Although both the results of our study and those of Stoppe et al. [37] might be surprising at first, it has to be taken into account that especially the DEGAM guideline recommends a cautious and responsible handling of anti-dementia drugs in dementia patients and thus the results are in line with both the guidelines and the experience of the family physicians [25]. In Parkinson's disease, only one of 42 patients was mainly treated with rivastigmine which is recommended in the neurological guideline [19].

In 2006, a total of 50% of all prescribed anti-dementia drugs in Germany were cholinesterase inhibitors and memantine [13]. The most often prescribed anti-dementia drug in Germany was the cholinesterase inhibitor donepezil with 37% [38], which with a rate of 45% also plays a predominate role in our study. Traditional anti-dementia drugs like ergot alkaloids and piracetam, which are not recommended in the treatment guidelines, have declined in their prescribing rates over in recent years and, with only 6 patients, also play a minor role in our setting.

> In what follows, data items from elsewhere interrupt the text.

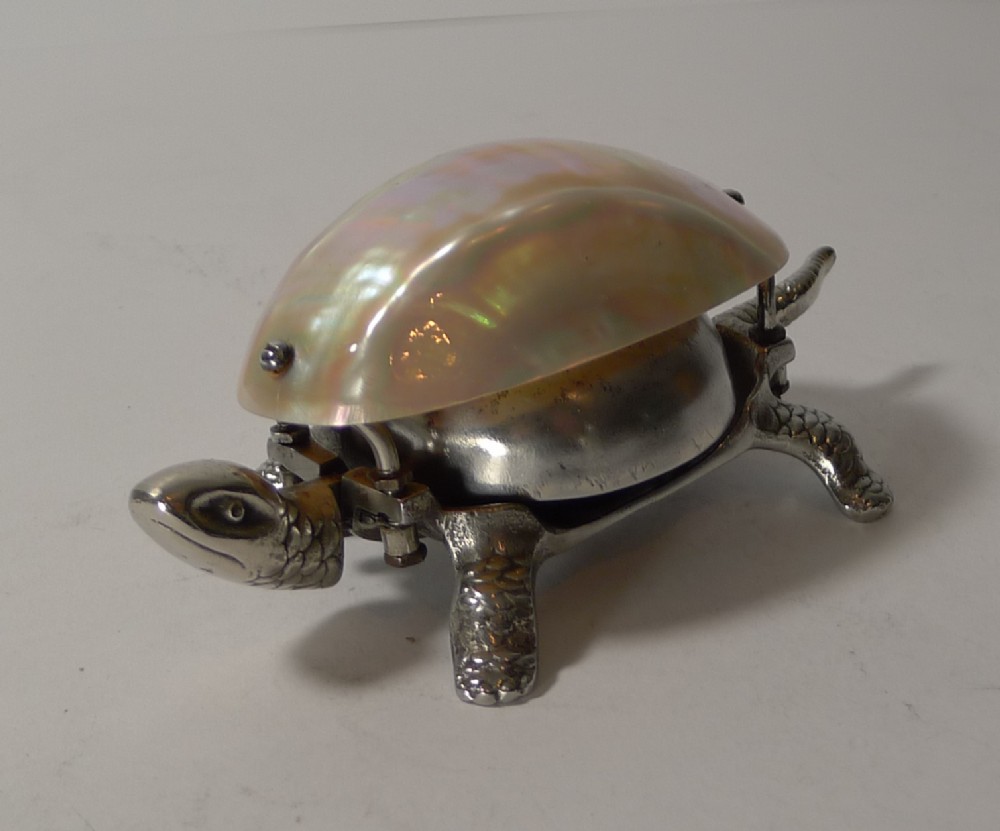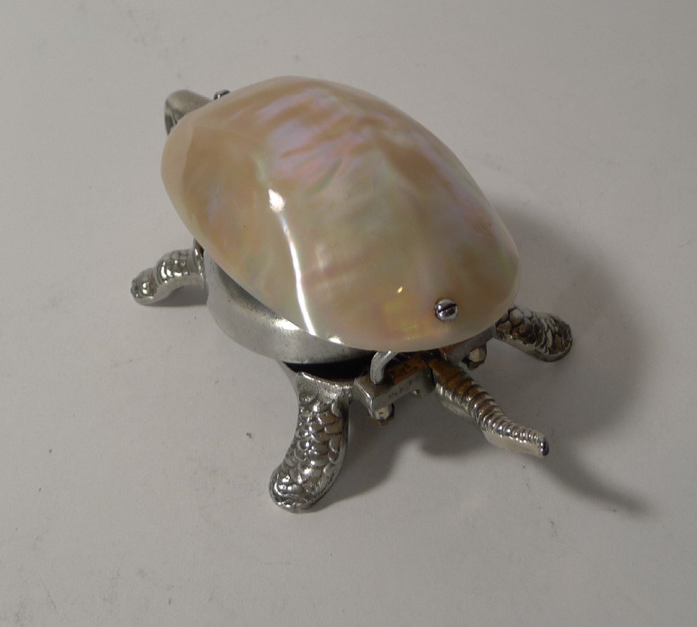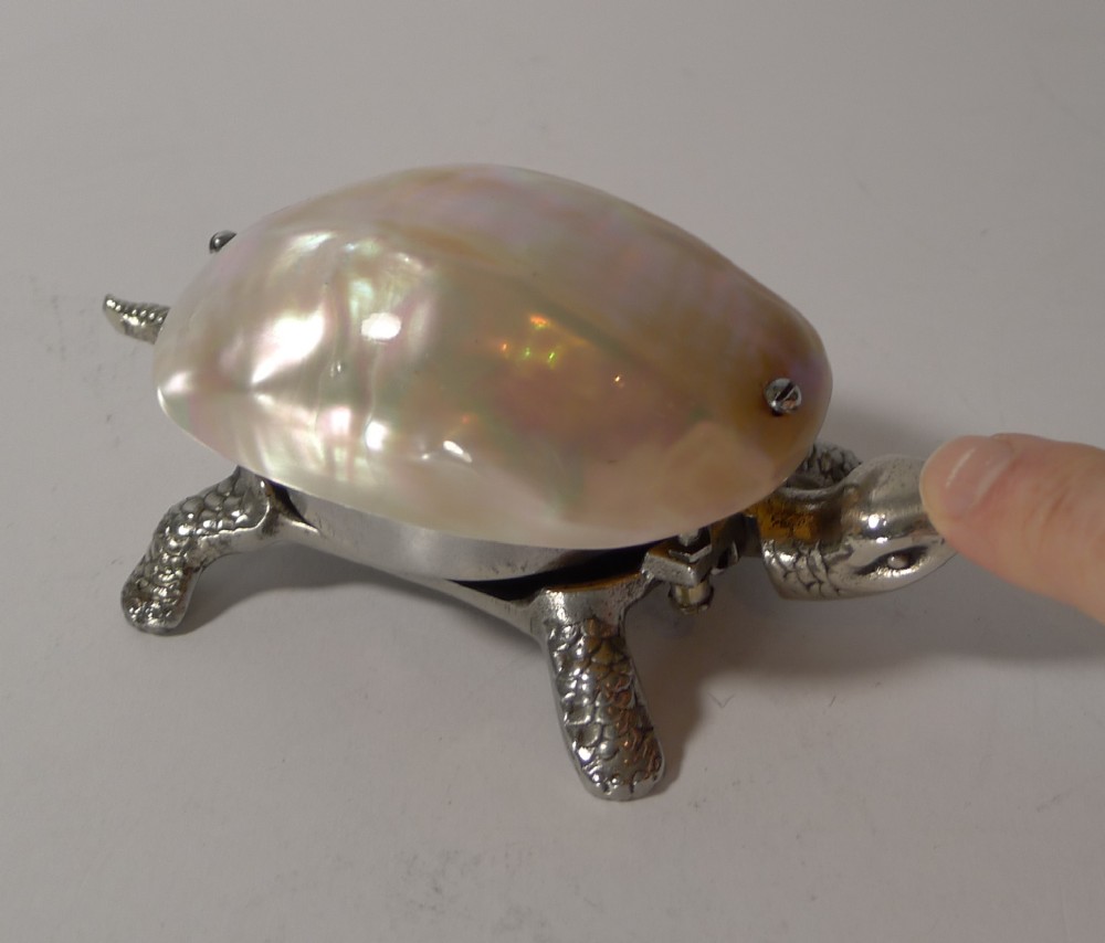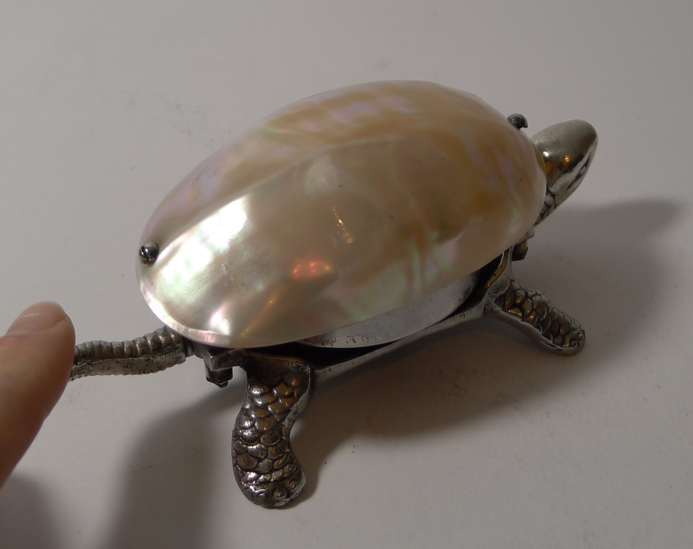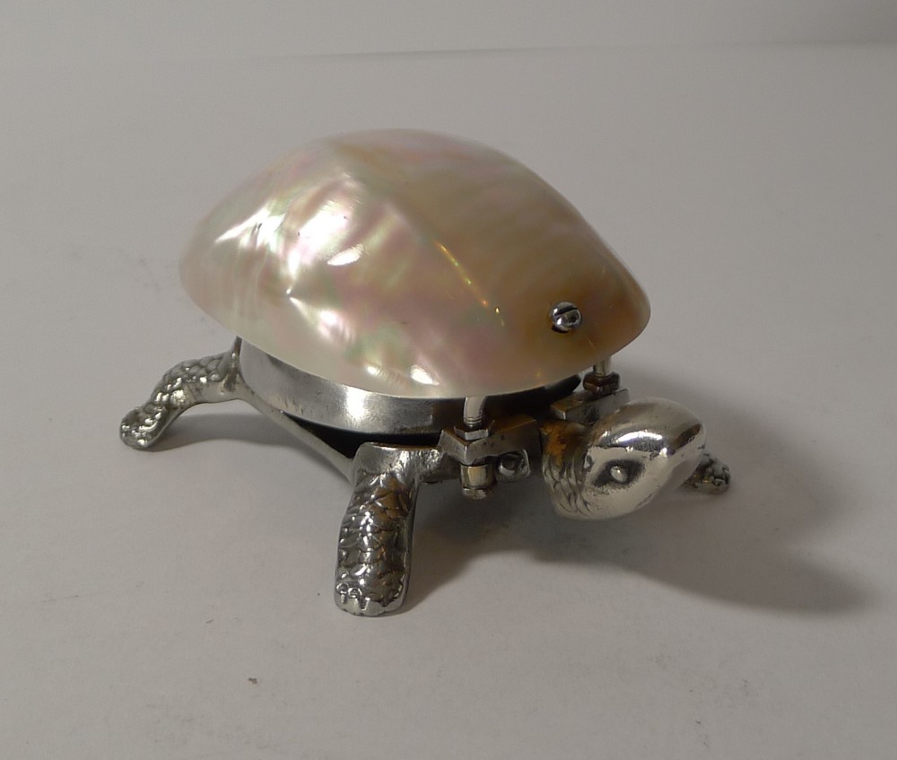 A fabulous and rare example of a novelty German mechanical bell made from a silver coloured metal in the form of the most charming tortoise.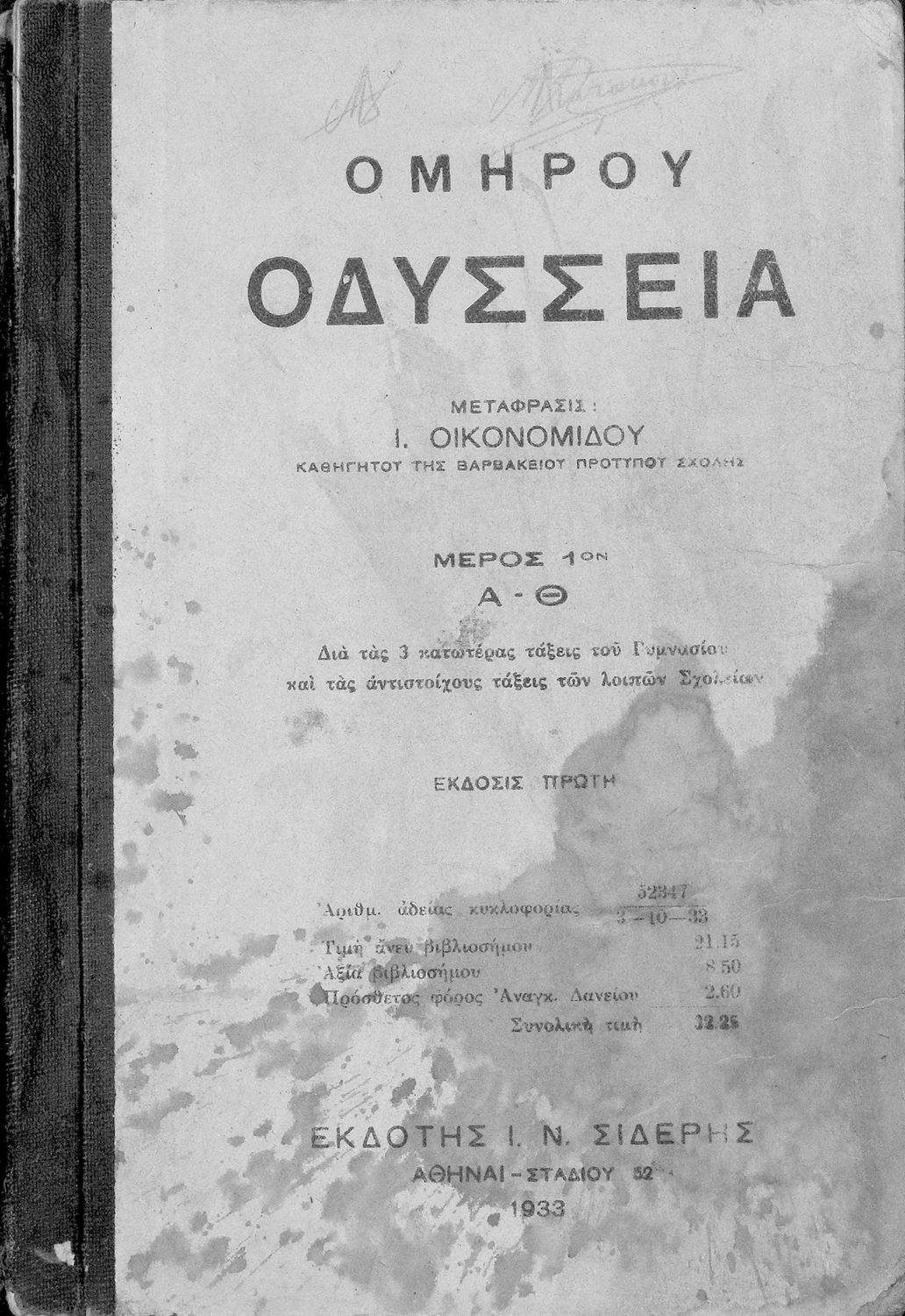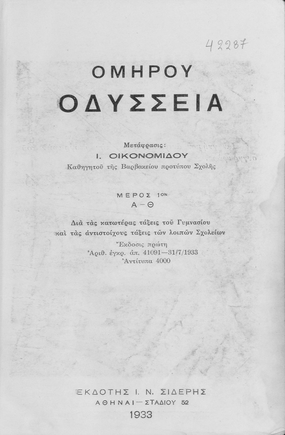 Τίτλος: Ομήρου Οδύσσεια Μέρος 1ο (Α-Θ). Δια τας κατωτέρας Τάξεις του Γυμνασίου και τας αντιστοίχους τάξεις των λοιπών Σχολείων
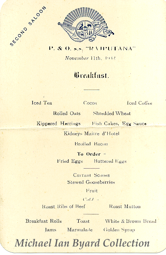 and O Rajputana, ( postcard at left) Second Class Saloon breakfast menu dated November 11th, 1932. Notice the somewhat frugal choice available when travelling Second (Tourist) Class |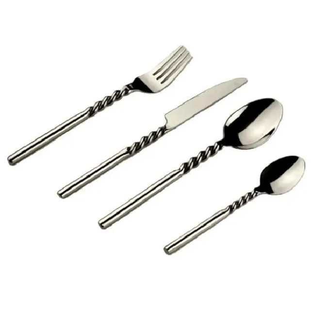 Ensemble de couverts avec boîte 304 acier inoxydable mat couleur argent Logo hôtel de luxe mariage vente chaude bas quantité minimale de commande ensemble de couverts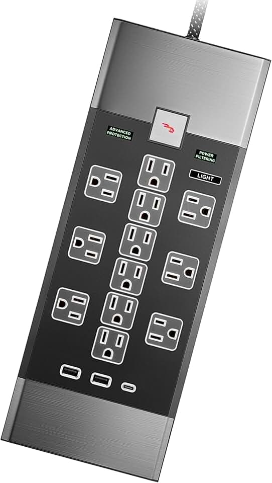Rocketfish - 12-Outlet 5,280 Joules Surge Protector with USB and USB-C - Apartment & House Essential - Wall Mountable Surge Protector Outlet - Power Strip with Standard & Wide-Spaced Outlets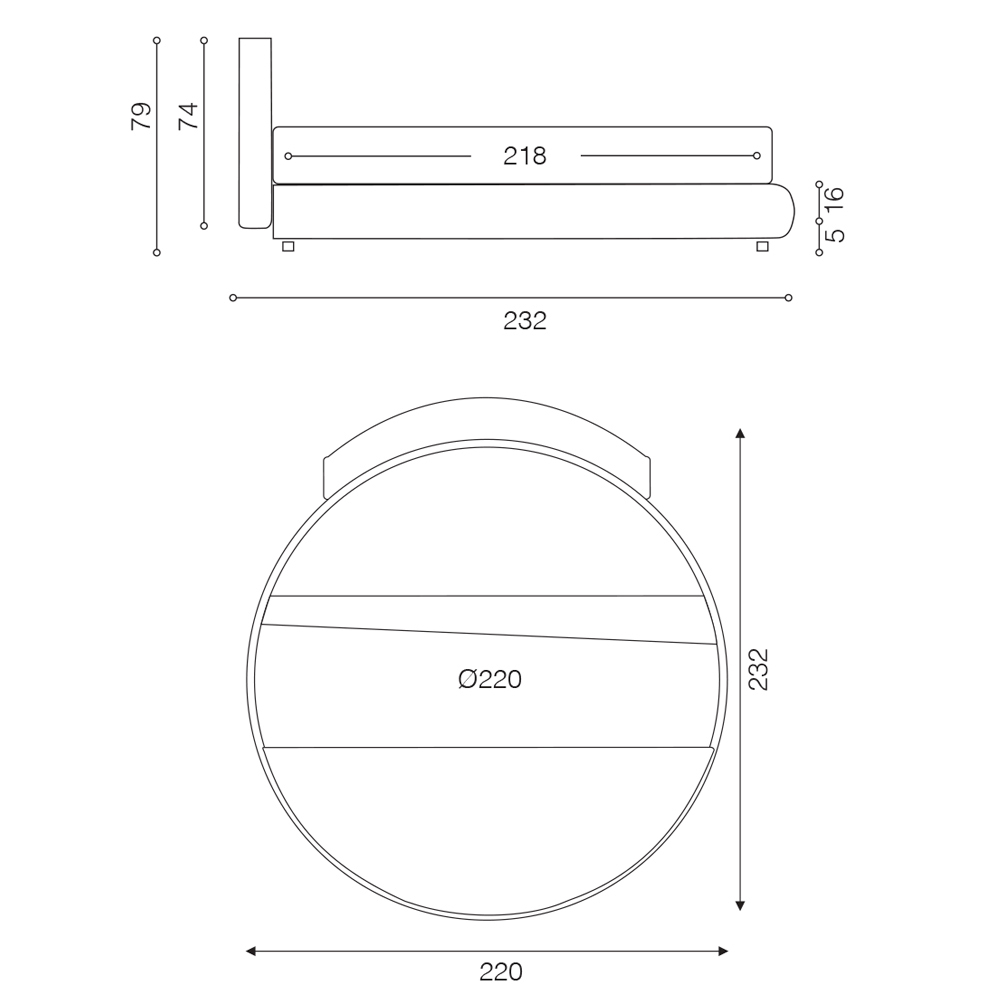 Mått : L 220 x D 232 x H 79 cm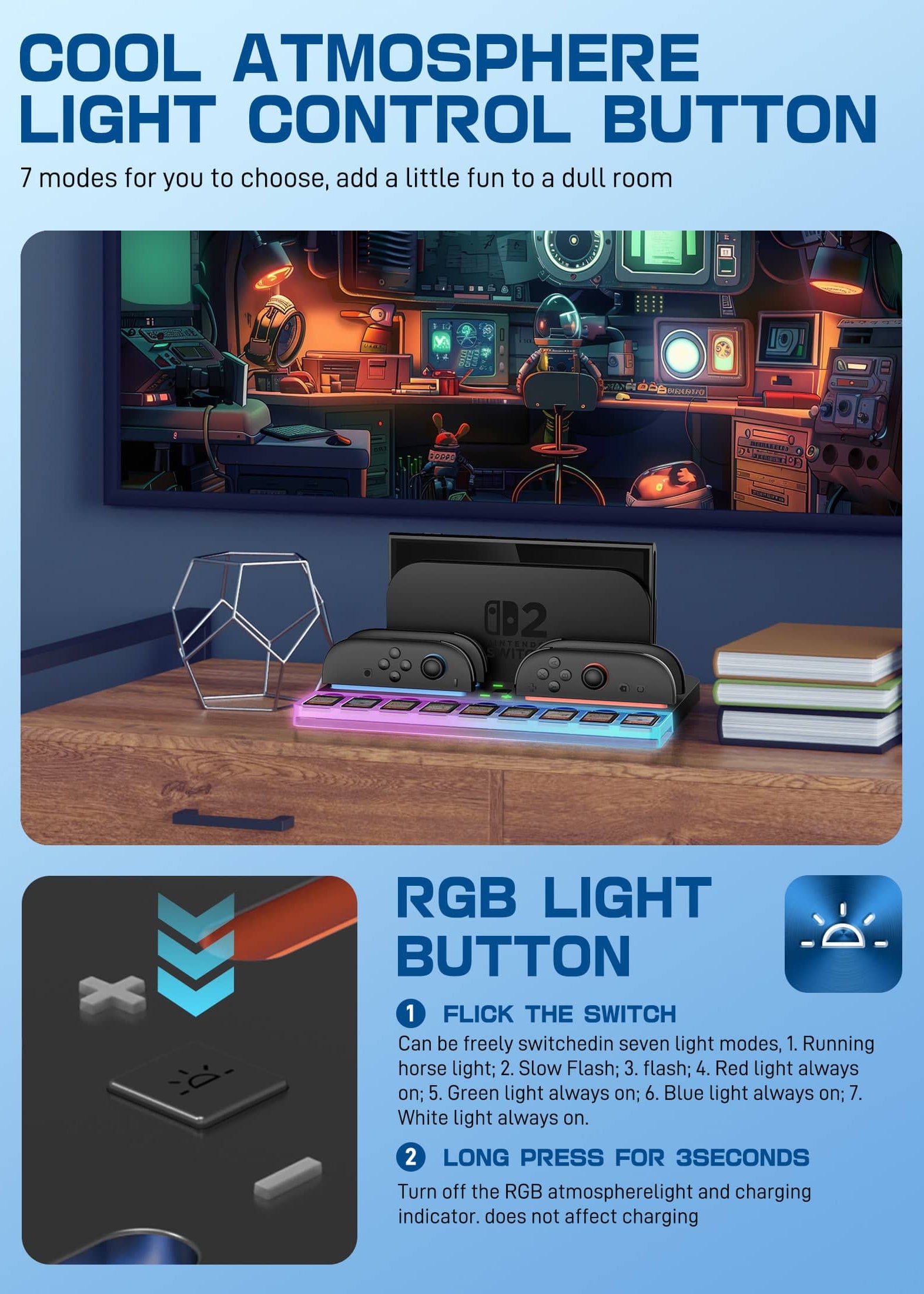 This all-in-one charging and storage dock keeps your Nintendo setup organized and ready for action. It charges up to four controllers simultaneously while neatly storing your console and up to nine game cartridges. With smart LED indicators, ambient lighting, and built-in overcharge protection, it brings both convenience and style to your gaming space.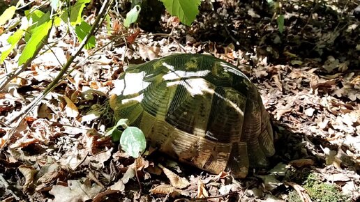 Пошли в лес за ягодами и встретили черепаху.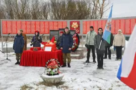 После отпевания в Свято-Никольском храме в селе Бутылицы, у мемориала погибшим в годы Великой Отечественной войны прошел торжественно-траурный митинг, в котором приняли участие местные жители, школьники, поисковики, представители Следственного комитета и учебно-методического центра «Авангард».
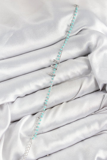 EBJ Silver Color Women's Bracelet with Rice Zircon Stone Blue Beads Model - Saanich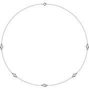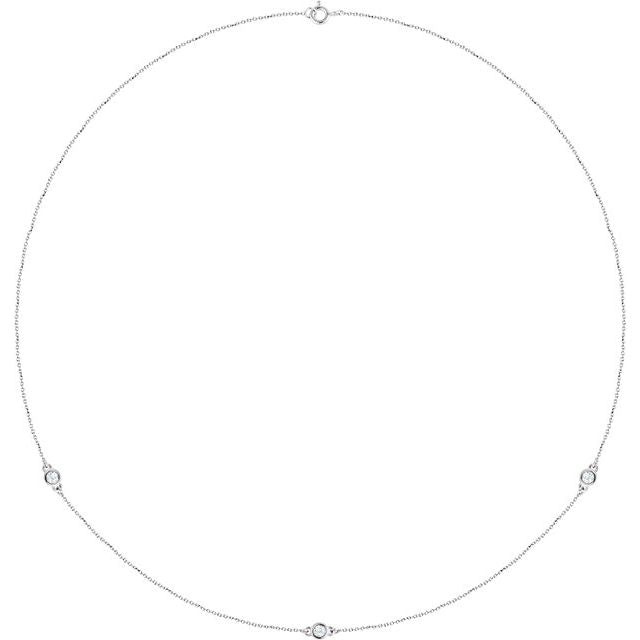 These necklaces are adorned with multiple round lab-grown diamonds set in bezel prongs for a secure and refined look. Available in configurations of three or five stations, the total carat weight ranges from 1/4 CTW up to a stunning 1 CTW, offering options that suit both subtle and bold preferences. The primary stones measure between approximately 2.4 mm and 3.65 mm, each exhibiting SI1-SI2 clarity and G-H color grading, ensuring brilliant sparkle and exceptional quality.

In our study only 8 out of 148 patients (5.4%) were prescribed both cholinesterase inhibitors and memantines during the study period. This is comparable to Hoffmann et al. who found only one anti-dementia drug in over 90% of his patients and Truter who only reported 5.3% of patients that were prescribed more than one active ingredient for Alzheimer's disease during one year (mostly donepezil or galantamine, and memantine) [38,39], whereas Formiga found combined therapy of cholinesterase inhibitors in 15.5% of patients [35]. While the DEGAM guideline disapproves combination therapies due to their low level of evidence, the DGN/DGPPN guideline refers to 2 RCTs and claims that an add-on therapy might be considered [18,19]. However, it has to be noted that in our study concomitant treatment with two drugs may also be a result of the course of therapy and might not reflect a factual combination therapy.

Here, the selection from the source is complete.